Smith wrote about getting the notice she’d be having her surgery on her blog: “Such a strange feeling to drive away from my home and most of my family knowing how uncertain my future truly is right now. Even if things go smoothly with zero hiccups, I won’t see them for about four months! So, leaving was hard. But necessary so I can do what needs to be done in order to live a semi normal life with them. It eases so much heartache knowing they will be surrounded by people I love and who love us too!
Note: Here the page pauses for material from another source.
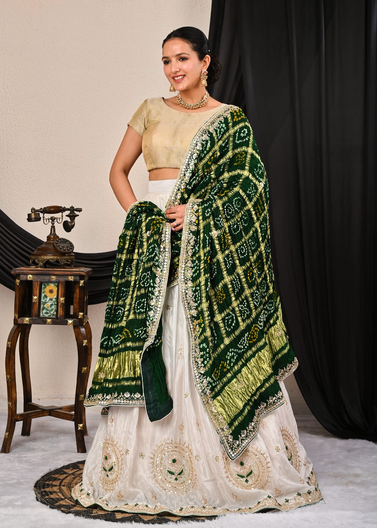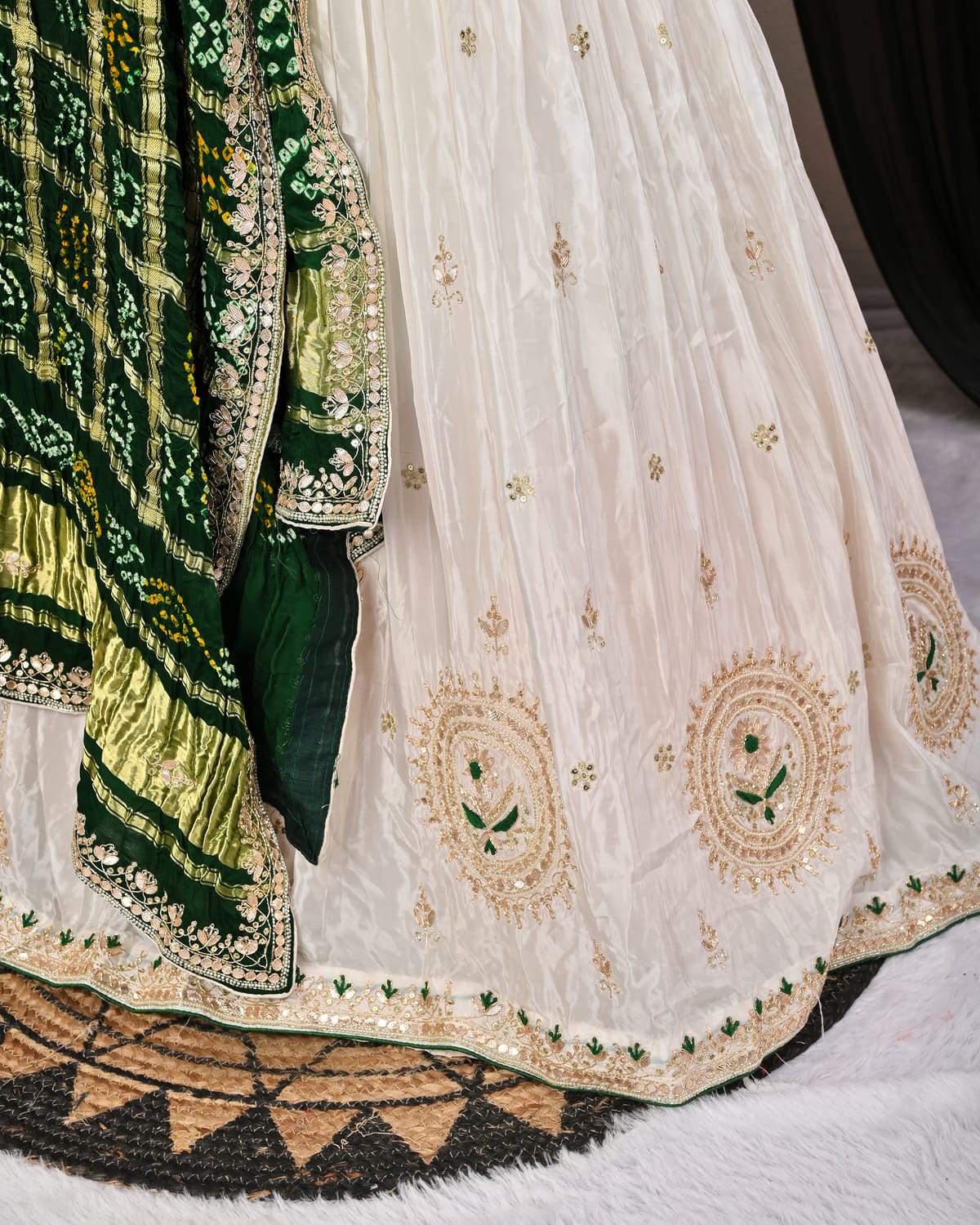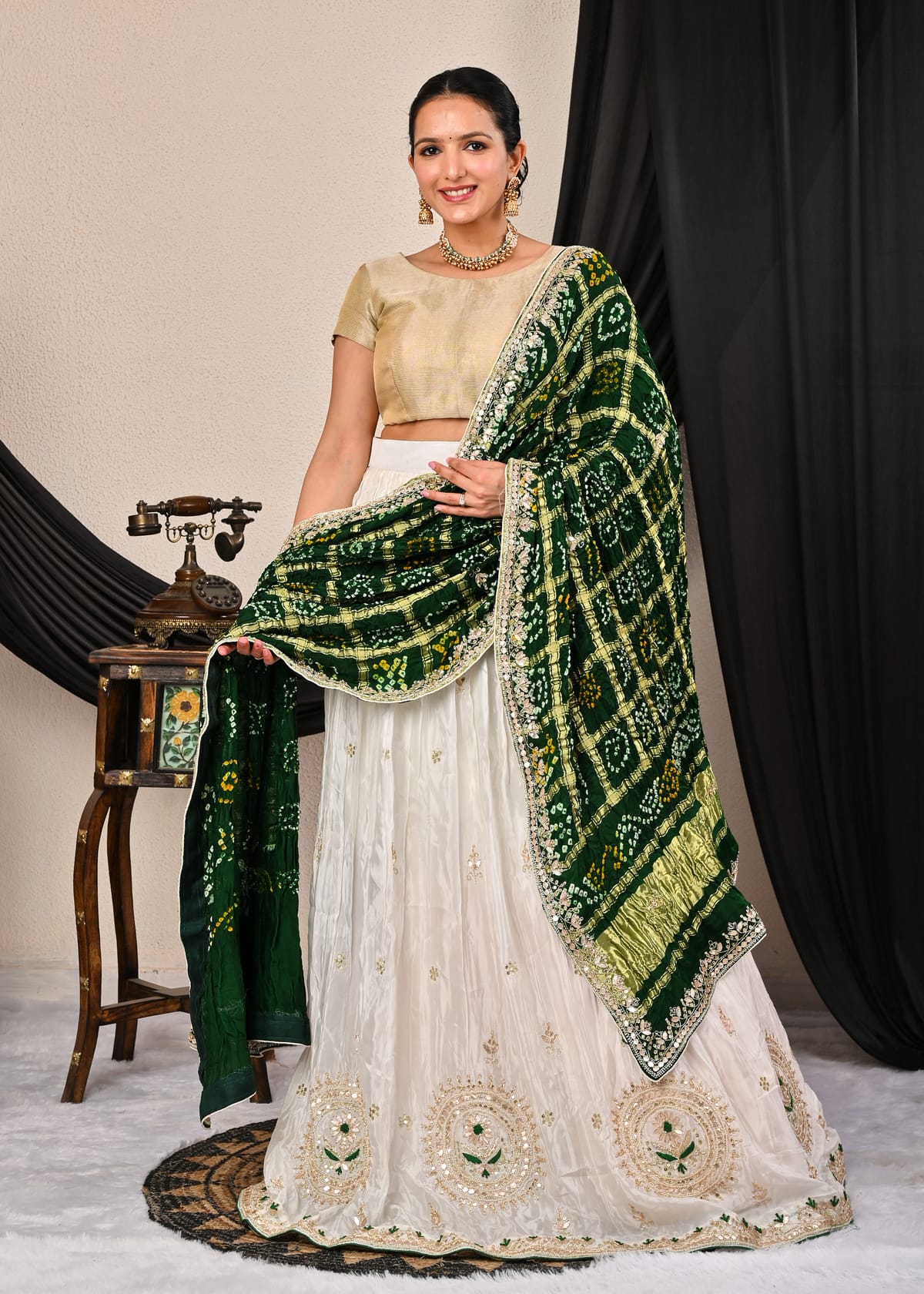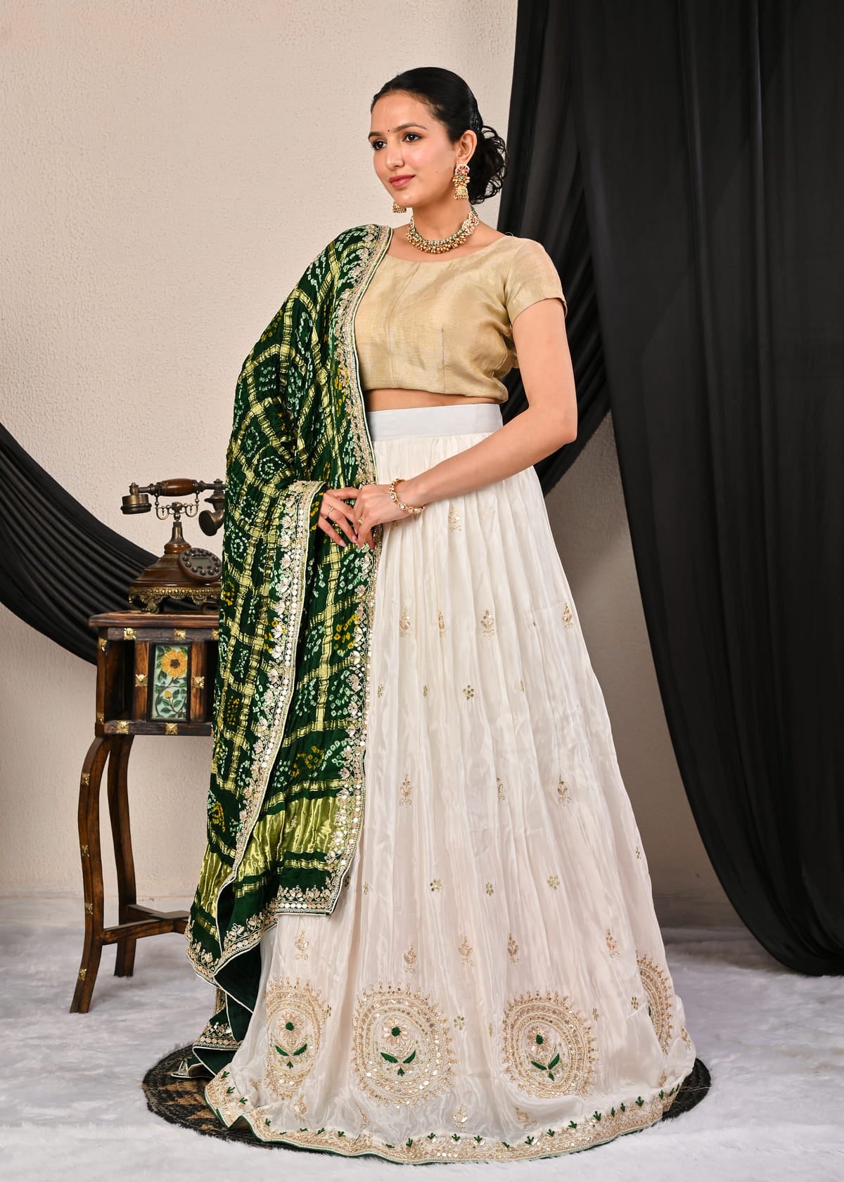 Complementing this stunning piece is the pure Gajji silk Ghatchola dupatta, a true work of art. Draped gracefully over the shoulders, the dupatta boasts delicate motifs and subtle embellishments that enhance its traditional appeal. Its soft texture and fluid drape add an ethereal elegance to the overall look, making it perfect for festive celebrations, weddings, or any grand occasion.
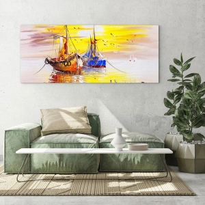 Impression sur verre - Image sur verre - Bateaux de pêche au coucher du soleil sur une eau calme - 50x70cm - Un repos bien mérité au port - Décoration murale moderne pour le salon et la chambre ARTTOR

I know I am leaving my most precious things in the world with some amazingly capable and loving people.”

Kitzmiller said doctors informed the family it’s only the 76th such operation performed in the nation and first since 2016.

The pair of cousins had plenty of tough but critical discussions prior to the surgery, as they considered all outcomes.

“We have a really solid faith; Missy and I spent a lot of time praying,” Kitzmiller said.

She said Smith had a team of support behind her, particularly her sister Rochelle, mother Gloria and brother Randy, as family and friends have gathered to help handle various expenses, communication and looking after Smith’s two teen children: daughter Eli, 18, and son Alden, 15.

“It’s been hard; COVID has made it difficult because we can’t see our mom as easily,” Alden said. “The exciting part is that this will all pay off and I’ll get my mom back; and she’ll be healthy again.”

Eli said she is looking forward to going with her mother to their favorite spot on the Dungeness River without having to carry oxygen — one of Smith’s self-described “bucket list” items — and that she can’t wait to have her mom back and be able to see her do all the things she loves to do.

Family members join Melissa Smith of Sequim, center, in the intensive care unit at the University of Washington in February — just before the COVID-19 outbreak that shut down medical centers across the state. Submitted photo

Kitzmiller noted, “We have what we call our team,” she said … literally: Team Missy even has its own apparel line that the family sells as a fundraiser, identifiable in its deep Sequim purple.

Smith will be at the Transplant House for about three months doing physical and occupational therapy to strengthen all of her muscles before eventually returning to Sequim, and will need check-ups now and then. Kitzmiller said Smith is on dialysis to help her kidneys improve after the shock of surgery, but that she’s doing well.

“As far as I know it’s a full recovery,” Kitzmiller said.